Where does a Coop go when it needs additional funding?
That’s the problem with getting rid of the capitalist, The Man. For what the capitalist provides is capital. And if you’re a coop and you’ve not got enough capital then where do you go and get it from? Your customers (in this case) aren’t really all that likely to be willing to cough up a capital issue to support the organisation. But they’re, nominally and legally, the owners of it. So they’re the only people who can cough up that needed capital.
As I say, this isn’t a problem with Obamacare as such. Rather, it’s a problem with a certain romanticism about cooperatives. They’re really not very suited to an industry that has large capital requirements. Because neither the consumers (customers) or the workers, the people who dependent upon flavour of coop own it, have much if any capital to put into a capital intensive business.

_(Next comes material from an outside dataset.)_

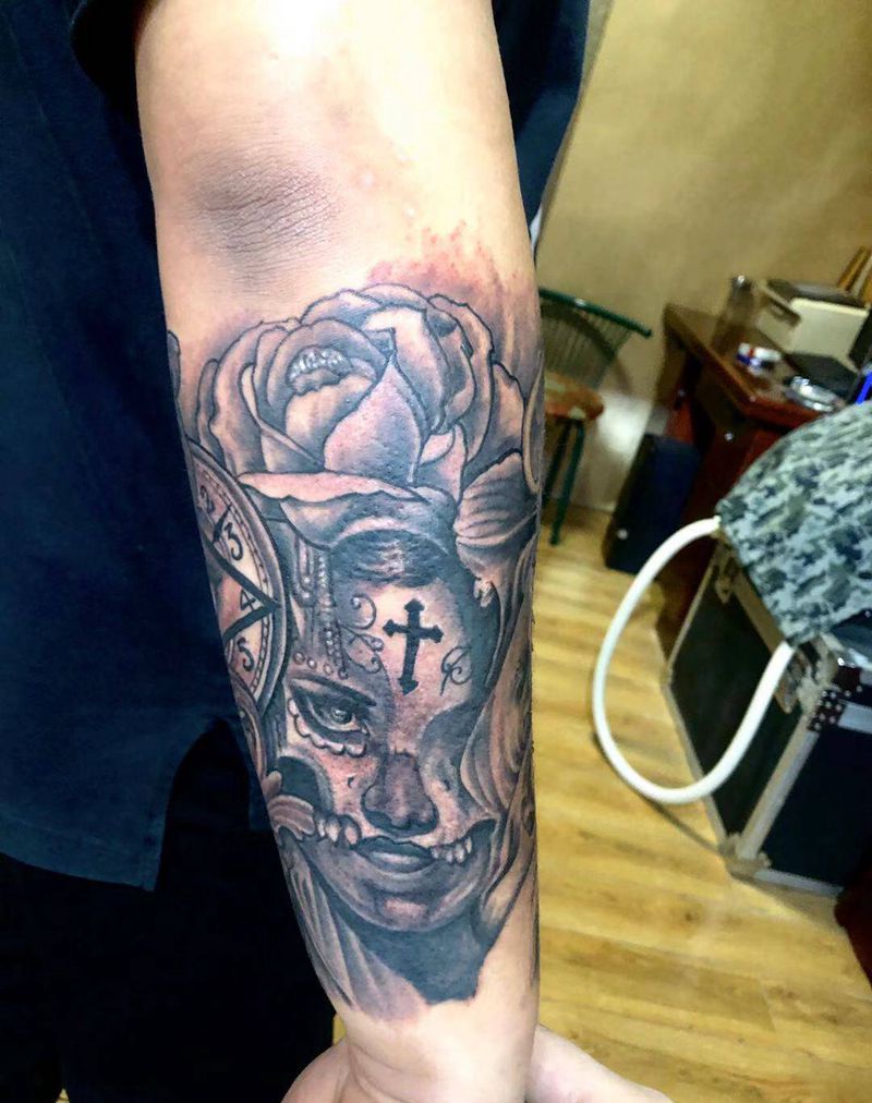 当前位置: 首页 >河北省邢台市纹身店-小黑刺青纹身专营店纹身图案>包小臂欧美覆盖纹身图片_手臂纹身图案

Sure, as here this can be covered by loans at the start but once losses occur there’s no possibility of having a rights issue or the like in order to repair the legally necessary capital ratios.
Coops are lovely things and, ardent free marketeer that I am, I’m all in favour of a market in forms of business organisation just as much as I’m in favour of any other form of market. But it would be useful if people thought a little about which business sectors might be appropriate for an organisation without deep access to capital to enter and which might be inappropriate. And a market that requires substantial amount of regulatory capital really might not be one of those business sectors that are really suited to coops.
Yes, I do know that there are coops in all of these sorts of areas, insurance companies, banking institutions (at least in my native UK there are) and in health insurance as well as other insurances. But they are all organisations that started small and have grown over time (decades at least) and been able to retain earned capital to meet those various legal requirements. The idea that a new market entrant, needing in excess of $100 million in capital even without the possibility of calling for more if there are losses is a good market for a coop to enter seems to be odd, most odd.
What Mr. Worstall doesn’t address is why did/does CoOportunity need more capital?
The answer is quite simple, they mispriced their policies. The question is, did they do this on purpose or due to incompetence? Also, can we detect this category of error in other Health Insurance Cooperatives before they waste any more of the publics money?